While the popup does not offer full comfort as the TT, you do not lose much mileage towing it. It is also easier to maneuver. If you want to take frequent long trips it would not be so hard on your wallet. You can also store your popup in your standard garage, which you cannot with the TT unless you have a huge one made specifically for RV. I pay $50/mo for outdoor storage. Covered storage costs twice as much. 

If it is not for my wife, I'd stay with the popup...given we use it only about seven trips during summer. 

I think your best bet is to get an USED popup now. Use it for a few years before upgrading it and a new tow vehicle. I bought mine used, in excellent condition, for $3K. I sold it four years later for 2K. It costs much much less than renting a popup five times a year for four years. Maintenance on popup is also almost nothing compared to TT.


----------



## rsmith (Jun 29, 2007)

Check out what your truck will tow. Lots of small light weight TT's out there. You can heat and cool them and most have a shower and a pot. The smaller it is the cheaper it will be to pull. Had a sixteen footer that use to pull everywhere. It was no condo. Had a 35 ft fifth wheel, codo, I lived in when I was working construction. Pull that thing to where I worked and parked it for several weeks at a time. Pull it everyday and a hotel is cheeper.


----------



## Bk272 (May 23, 2012)

Thanks for the advice. Our weight limit is 5200 lbs. but I'm sure we would want lighter to account for hills or other driving scenarios. The only problem I have with pop ups is the lack of a bathroom. It's a pain in the butt to have to walk to the bathroom every time the mood hits u. Lol. Also, more a pain for the wifey when the bud lights are flowing. Thinking maybe a portable toilet? Where would I empty that? Also, I know some pop ups come with a shower and toilet, but where does that drain to? Does it have a holding tank? Thanks for the help and sorry for the stupid questions. By the way, anyone want to trade a boat or a Harley for a camper?


----------



## rsmith (Jun 29, 2007)

Go window shopping! You don't have to buy anything. Just drive around and ask dumb questions.


----------



## SSST (Jun 9, 2011)

The pop-up with the toilets will have a portable holding tank that you would dump in the nearest dump station when you leave, those toilets aren't very roomy but beats walking to the nearest restroom in the middle of the night. With your vehicle, i would say the pop-up is your only feasible option. Yes they make lightweight trailers but towing it will be a nightmare with your vehicle. Like stated above, you can find a real nice loaded down pop-up for a reasonable price, less than 5k easy. I went pop-up, travel trailer, fifth wheel, buying a bigger vehicle every time, and there are times when i wish i was still dragging the pop-up around. Drawback of course is convenience, don't have to set the TT up, and alot more storage.


----------



## mas360 (Nov 21, 2006)

Your tow vehicle has weight limit 5,200 lbs. That does not mean you can tow a trailer rated 5,000 lbs. That 5,200 lbs limit include all passengers, luggage, fuel on both tow vehicle and trailer. In addition to weight, the full up camper has a huge front sticking up above your tow vehicle profile. Air drag is a very big factor in towing. 
If you must have a nice bathroom and do not want to upgrade your tow vehicle, take a look at those trailer with hard side which also pop up. This type does not have any canvas tent. During tow it collapses down below the top of your tow vehicle and that minimize air drag. If you go this route, make sure you install after market transmission oil cooler on your tow vehicle and also a temperature gauge to continuously monitor transmission oil temperature. I learned that lesson the hard way. It costs me two grands to install a rebuilt transmission in the Dodge. Once transmission fluid reaches 300 degrees, your transmission is toasted within less than 1,000 miles.

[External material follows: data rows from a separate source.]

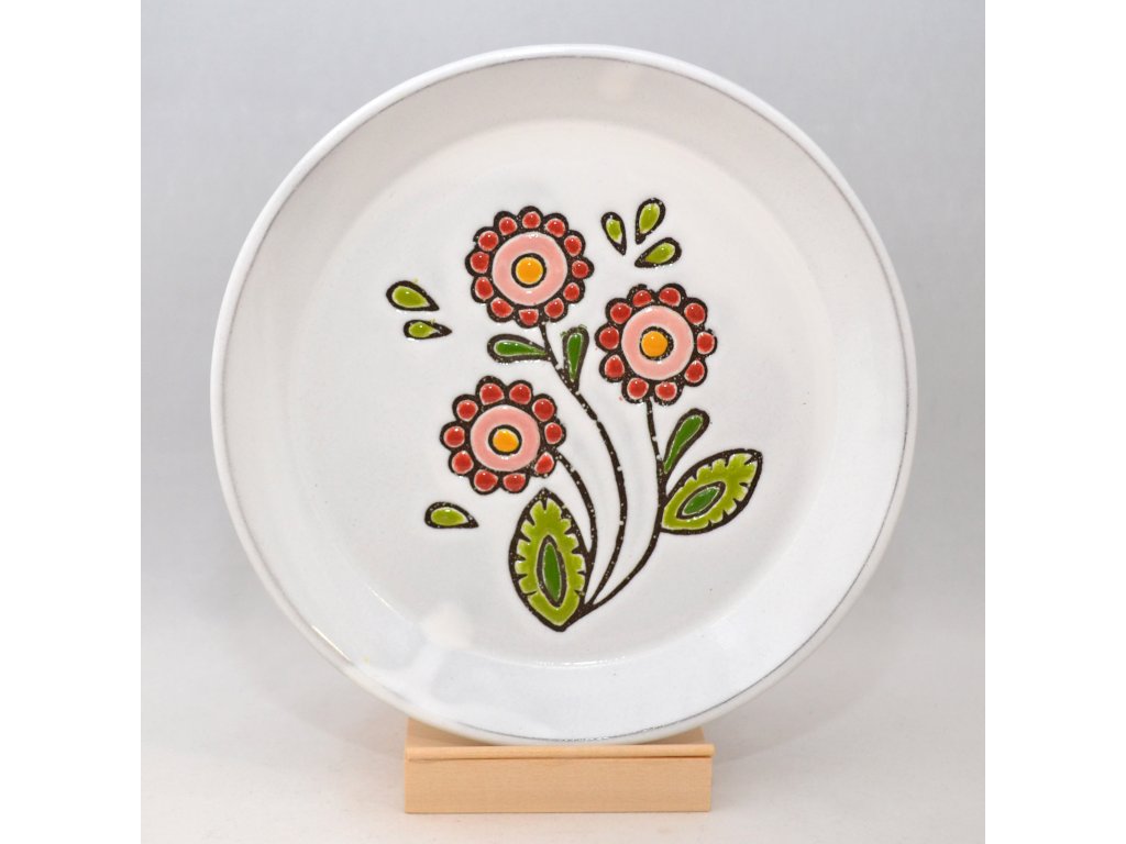 Každý náš talířek je trošičku originál, protože se jedná o ruční výrobek. Než si na něj postavíte svůj oblíbený hrnek nebo na něj své návštěvě nabídnete dezert, vezme jej do rukou mnoho lidí. Nejprve jej nalijeme do formy a necháme ho zaschnout tak, aby měl požadovanou šířku. Pak jej opatrně vyjmeme a obrousíme nedokonalosti. Po uschnutí čeká talířek první výpal v keramické peci a poté přijde řada na glazuru a dekor. Obrázky na talířky si buď předmalováváme voskem (to jsou ty obrázky s viditelnou konturou) nebo je malujeme barvítky přímo na glazuru (drobné vzorky kytiček nebo puntíků). A teprve potom ho čeká ostrý výpal v keramické peci.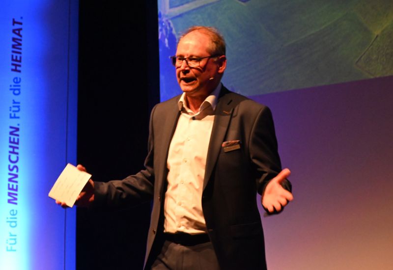 Josef Hodrus ging ans Rednerpult. Jetzt erfuhren die Mitglieder, warum Anton Sproll nicht durchs Forum führte. Er verlässt die VBAO zum Jahresende. Hodrus würdigte Sprolls Verdienste um die Bank als Prokurist, als Vorstand und in der neuen Konstellation als Regionaldirektor. „Anton, du bist das Gesicht der Bank. Bei deinen Kunden und deinen Mitarbeitern. Und wenn es dir mal langweilig wird im Ruhestand, wir finden immer einen Job für dich.“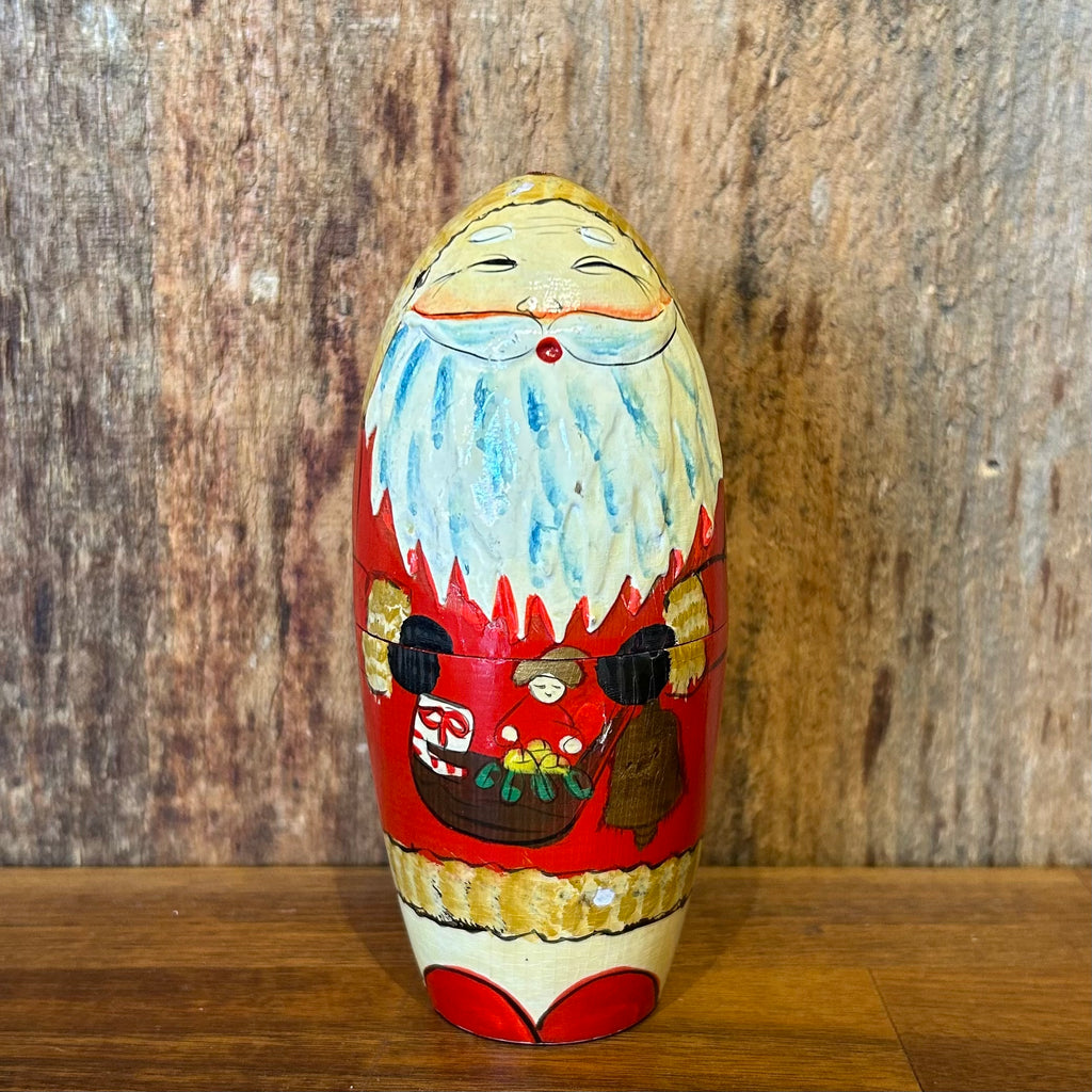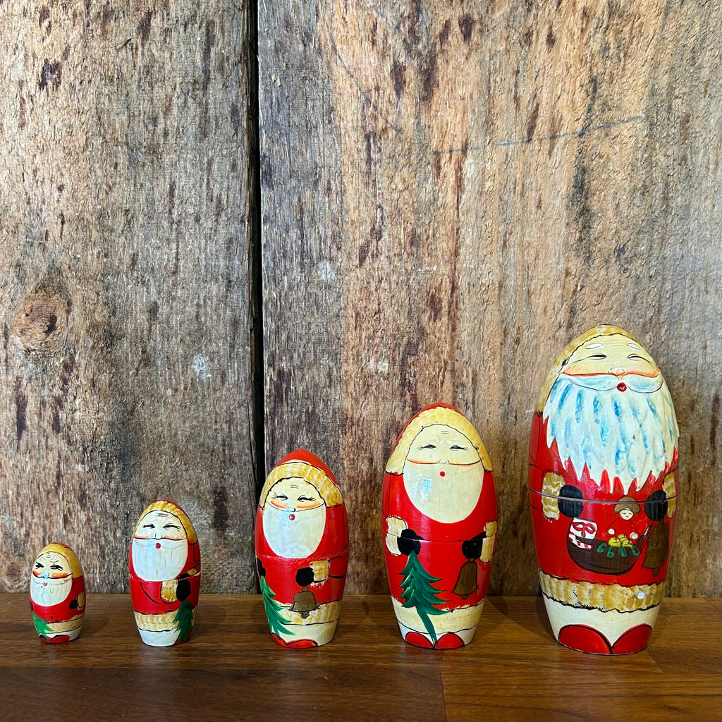 A great vintage set of nesting Santa dolls. Perfect for your holiday displays.

Top of the line popup has pretty decent bathroom with shower. It also has holding tanks for both black and grey water. The porta potti you think about is pretty nasty when time comes to dump it. Top of the line popup has 12' box and costs almost same as full up camper. I looked at it and decided to go with a TT. Now, looking back, I wish I had gone all the way to a 5th wheel. 

If you plan on keeping your camper for a long time, 20 years or so, bite the bullet and get an Airstream. It is all aluminum and last you a life time. Regular trailer has rubber roof, which will leak after five years and require continuous annual maintenance to prevent leak.


----------



## sweenyite (Feb 22, 2009)

And... just because your vehicle may be rated to tow a certain trailer does not mean it will do so well. When we upgraded from our smaller Terry TT to the 33' bunkhouse we have now, I had an F-150. We towed the new (to us) camper home from PPL in Houston one week, and I was buying my F-350 dually the next! That heavy sucker was squirrely behind a half ton truck! (I wanted a used F-250 but found a heck of a deal on the 350). Dry weight is pushing 8,000#. After you put all your chit in it, who knows? Flat land is fine, but when you get in the hill country, you better make sure you have not only the horses, but the brakes to handle it. I would either go with the pop-up in your situation... or, check out the Casita line of TTs.


----------



## sweenyite (Feb 22, 2009)

http://casitatraveltrailers.com/
We met a family with 5 kids staying in one of those little campers at Brazos Bend SP once. They were down from Indiana and were making a 3 week trip in that little thing. Must have been tight!


----------



## fultonswimmer (Jul 3, 2008)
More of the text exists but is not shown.